Leave out the pictures and set down the rest of the listing below word for word.
(Data section Opens)
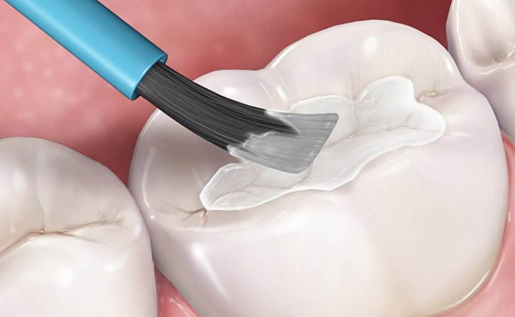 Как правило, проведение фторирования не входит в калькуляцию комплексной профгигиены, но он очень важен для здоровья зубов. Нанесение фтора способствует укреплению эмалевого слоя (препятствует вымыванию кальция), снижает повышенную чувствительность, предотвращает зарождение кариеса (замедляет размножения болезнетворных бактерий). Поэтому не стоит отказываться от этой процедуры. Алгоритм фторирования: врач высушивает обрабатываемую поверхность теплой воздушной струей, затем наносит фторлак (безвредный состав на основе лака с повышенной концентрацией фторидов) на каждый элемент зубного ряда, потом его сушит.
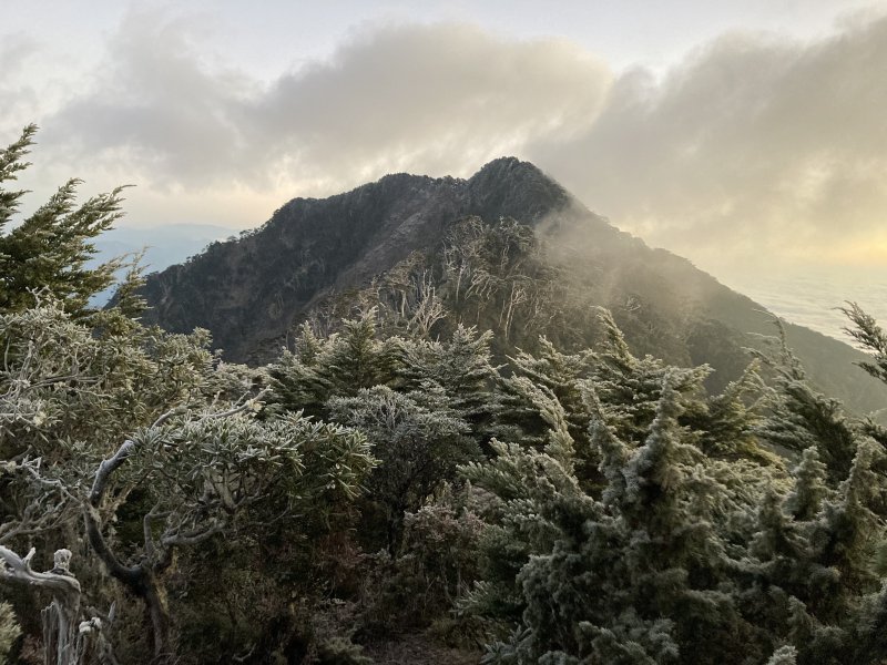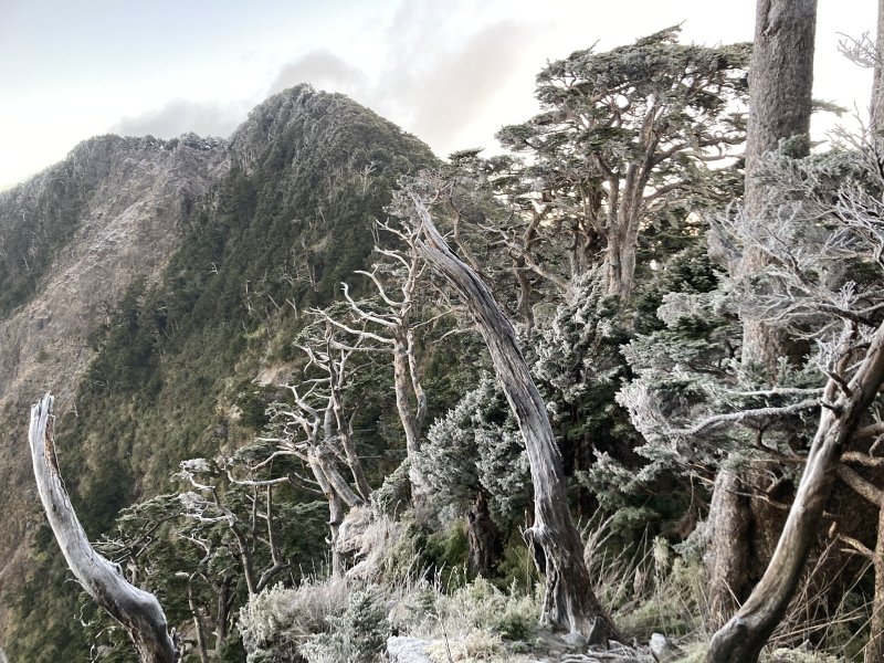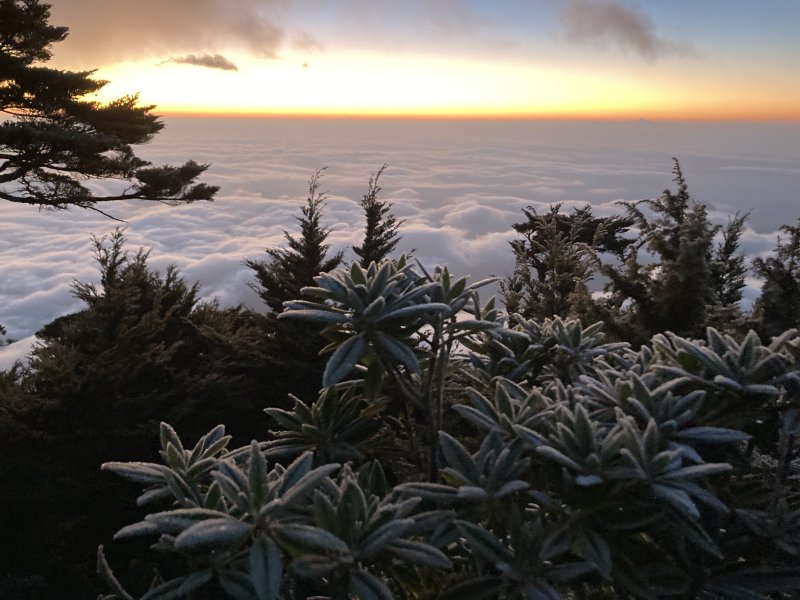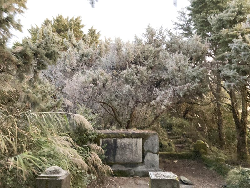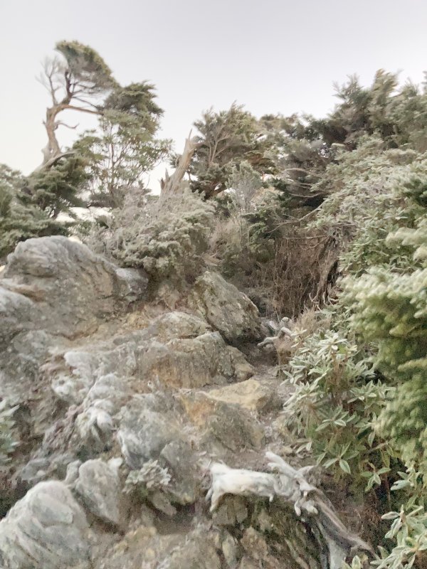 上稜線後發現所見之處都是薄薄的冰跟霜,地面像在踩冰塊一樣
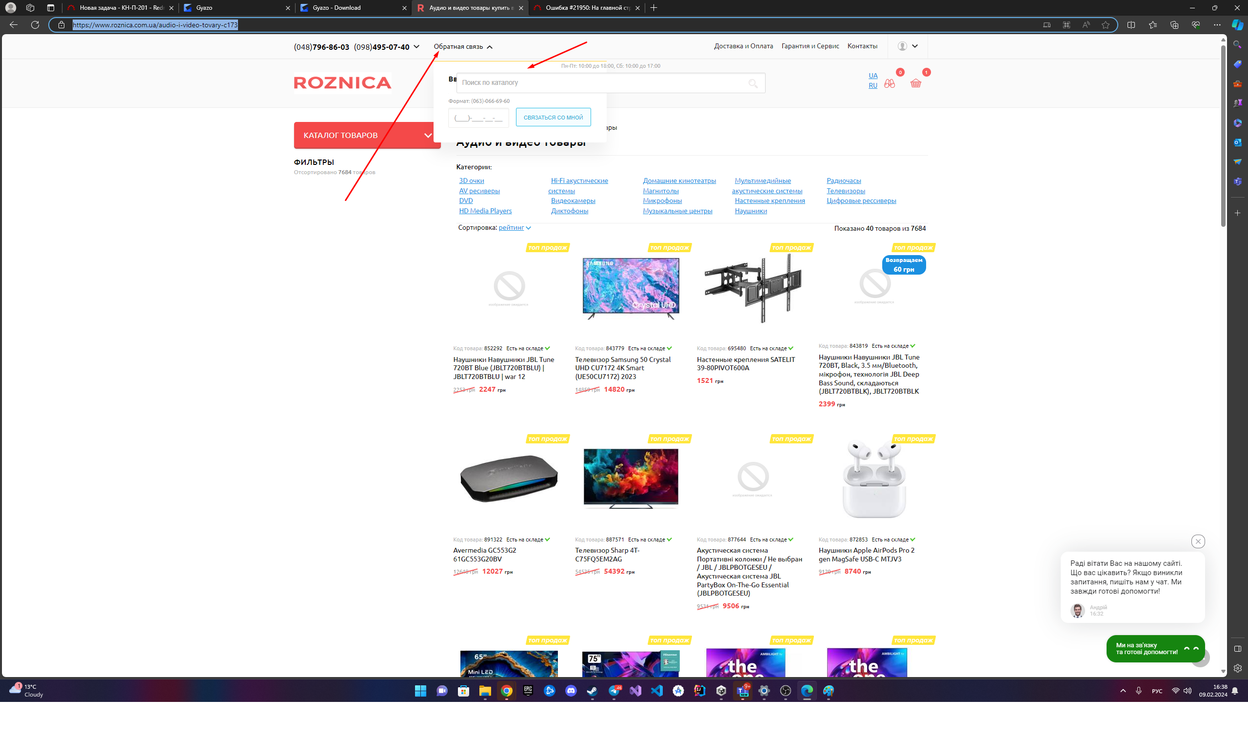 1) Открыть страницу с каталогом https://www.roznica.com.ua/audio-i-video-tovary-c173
(Data section Closes)
**Result for this exercise:**
 Как правило, проведение фторирования не входит в калькуляцию комплексной профгигиены, но он очень важен для здоровья зубов. Нанесение фтора способствует укреплению эмалевого слоя (препятствует вымыванию кальция), снижает повышенную чувствительность, предотвращает зарождение кариеса (замедляет размножения болезнетворных бактерий). Поэтому не стоит отказываться от этой процедуры. Алгоритм фторирования: врач высушивает обрабатываемую поверхность теплой воздушной струей, затем наносит фторлак (безвредный состав на основе лака с повышенной концентрацией фторидов) на каждый элемент зубного ряда, потом его сушит.
 上稜線後發現所見之處都是薄薄的冰跟霜,地面像在踩冰塊一樣
 1) Открыть страницу с каталогом https://www.roznica.com.ua/audio-i-video-tovary-c173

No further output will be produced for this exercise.